Delp writes, “(M)an must notice and feel that the longing for sun, for happiness, is only the foreground; that it is his affliction to hunger for something more … There is no earthly event, power, or love that can bring peace to man’s heart.”
Advent is the time before Christmas to prepare spiritually for the memorial of the incarnation of God as a human in the form of Jesus Christ. In another meditation from prison, Delp emphasizes God’s promise that he comes to heal and save. Mankind’s challenge, he says, is “to take this God seriously.” He quotes Romans 15:13: “that you may overflow with hope.” He says: “A person filled with confidence in God will profit from this tie and stand up to the test.”
So much, Delp says, is about humility. “We need to fold our hands again, and bend our knees and bow our egos in adoration before God, so that His salvation can be effective in us and make us capable of being called and touched by Him.”
Called to Something Deeper
Being in actual prison gave Delp a new perspective from which to speak with fierce credibility about the tendency of the person of faith to get caught up in the self-dependency and pride that Western culture has promoted in pursuit of worldly happiness and security, forgetting that there is more to life.
We are being called to something deeper. Newspaper businessman Jimmy Lai is in prison in Hong Kong today, refusing to plead guilty to trumped-up charges seeking to silence his words about the cruelty of the Chinese regime. He said in an interview with Francis X. Maier for the Napa Institute: “When you lift yourself above your own self-interest, you find the meaning of life.” A British citizen, he had opportunities to leave Hong Kong, but he said: “I am what I am. I am what I believe. I cannot change it. And if I can’t change it, I have to accept my fate with praise.”

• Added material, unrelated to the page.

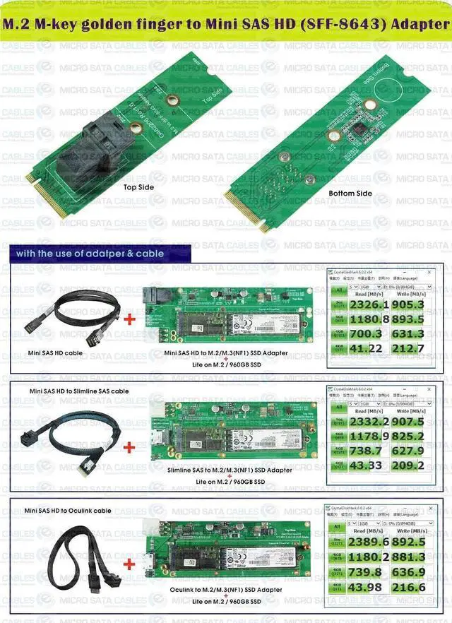 The M.2 M-Key Mini SAS HD SFF-8643 Adapter supports high-speed data transfer rates, allowing for efficient and rapid storage operations.

Not unlike that missionary priest from Nigeria wanting us to see how blessed we are here, Lai knows he owes all that is good in his life to God. Like Delp in that Nazi prison, Lai in prison today is freer than most of us. On the outside, buying and stressing and somewhat utterly distracted, we have a lot to learn from them.
Kathryn Jean Lopez is senior fellow at the National Review Institute, editor-at-large of National Review magazine and author of the new book A Year With the Mystics: Visionary Wisdom for Daily Living. She is also chair of Cardinal Dolan’s pro-life commission in New York, and is on the board of the University of Mary She can be contacted at klopez@nationalreview.com.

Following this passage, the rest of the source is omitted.